I don't know if you have a Petco near you but if you join their club, they send Euk coupons and have had several 10% off sales this month. I ended up picking up a #40 bag of LB Puppy for $35 which is less than my wholesale price.


----------



## Kirk D (Apr 3, 2005)

I had someone recommend Kirkland's a couple of years ago. I went to Costco and checked it out. Looked like the best food I had ever seen on the ingredients. Got me a costco membership and bought a couple of bags. about $18.00 at that time.

I fed it to my lab and a gordon setter for 2 months. I ran a master test and aired my dog as usual. He did his business. During the 1st series the dog stopped 3 times to try to take a dump. The judges even asked "what are you feeding that dog?". I sure wasnt going to tell them Kirkland's Costco.

I checked stool consistancy at first and it was fair. When I got home from the test I checked the back yard and there were globs of pudding consistancy feces everywhere from both dogs. Needless to say, I switched back to our original food. At the time it was Euk.

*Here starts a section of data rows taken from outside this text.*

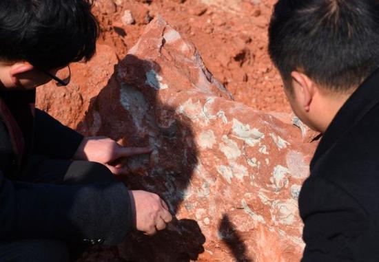 当天上午11时许,施工人员准备对爆破后的大石块进行分解时,发现石块中间嵌着一些椭圆形的石头和厚度约2毫米的黑色碎片,觉得很像恐龙蛋化石但又不能确定,于是立即报警求助。当地派出所民警赶到现场后,也认为石块内的镶嵌物疑似恐龙蛋化石,立即拉起警戒线?;は殖〔⑼ㄖ孟夭┪锕菸奈锉;すぷ魅嗽?。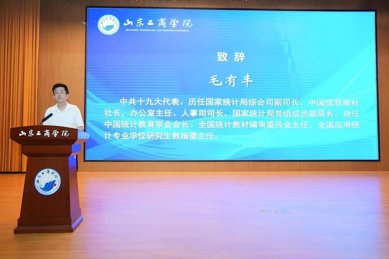 开幕式由山东工商学院统计学院院长贾小爱教授主持。山东工商学院副校长李希亮教授致欢迎辞。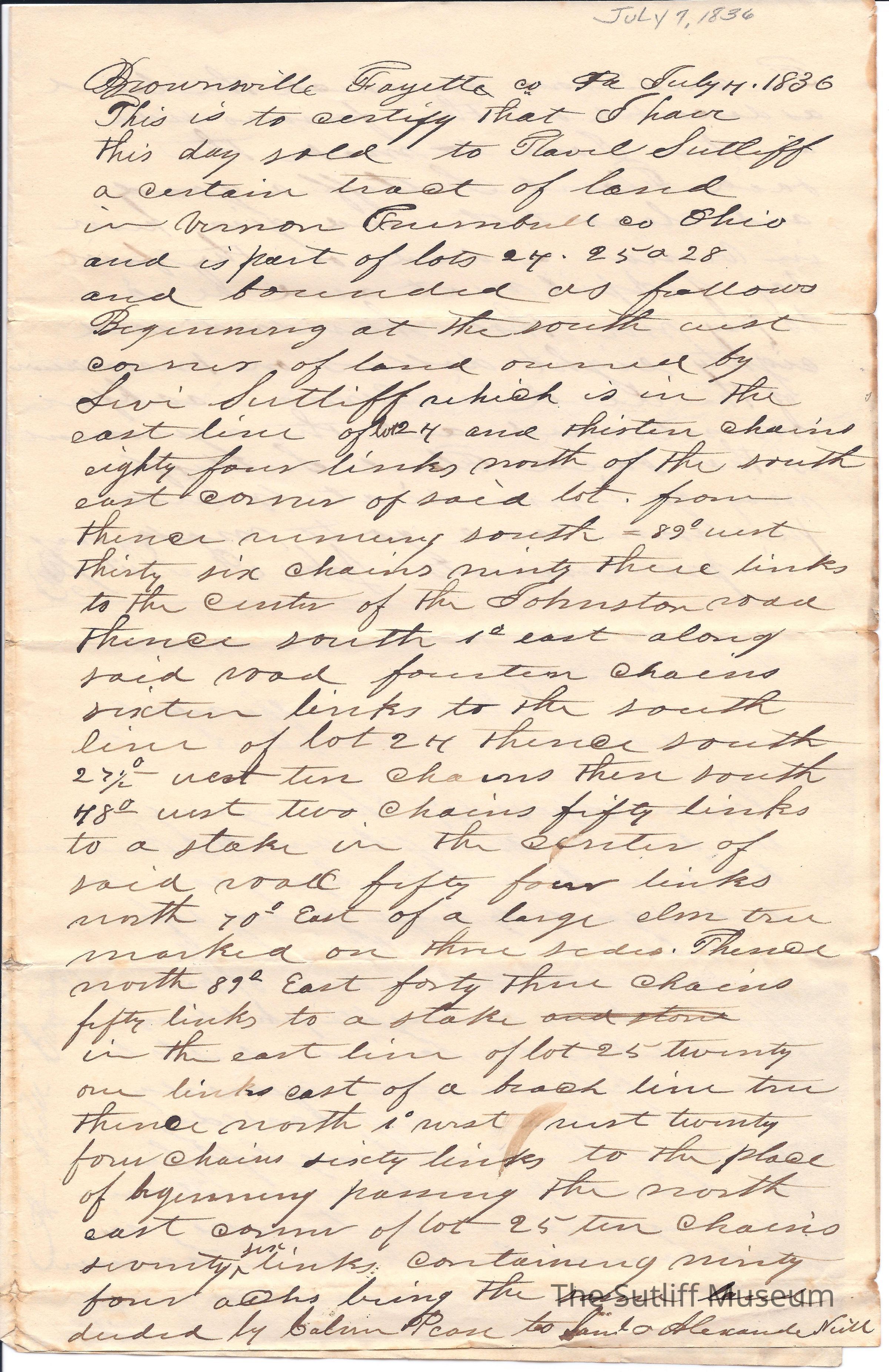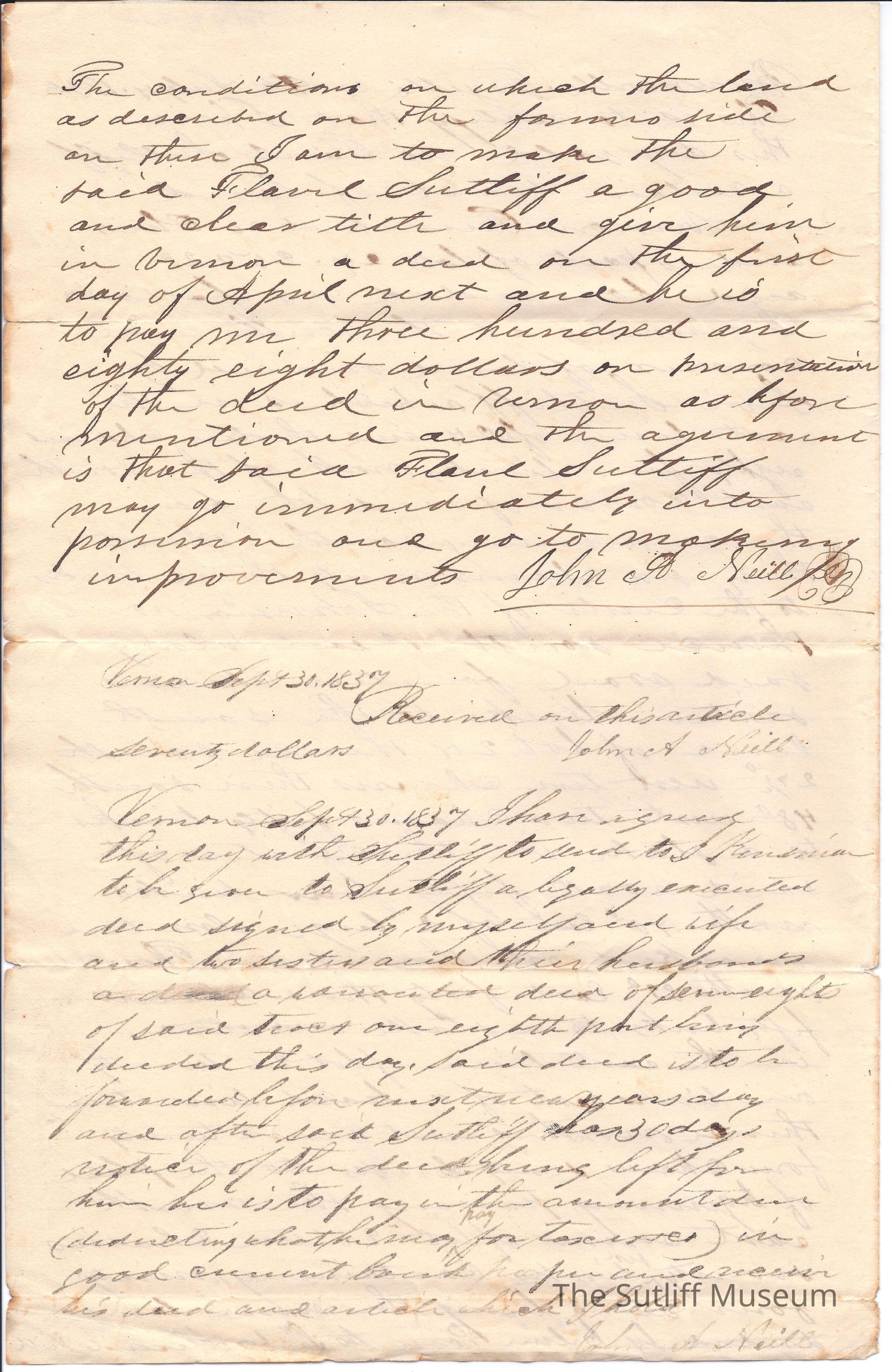 Letter from John A. Neill to Flavel Sutliff. Notice of Land Sale between John A. Neill and Flavel Sutliff in Vernon.

Some may have better luck with Kirkland's but my experience was a disaster.

Kirk


----------



## Billie (Sep 19, 2004)

AmiableLabs said:


> Our reason for dropping Arkat VF and switching to ProPlan was how hard it was to get the VF. But that was a couple years ago, so now that we are leaving ProPlan we are trying once again to see if we can get the VF closer to home.
> 
> Another totally uncool option is Costco's Kirkland-brand Signature Series. It is essentially "Diamond's Naturals" manufactured by Diamond for them. Awesome breakdown, $25 for a forty-pound bag, but a bad reputation right now.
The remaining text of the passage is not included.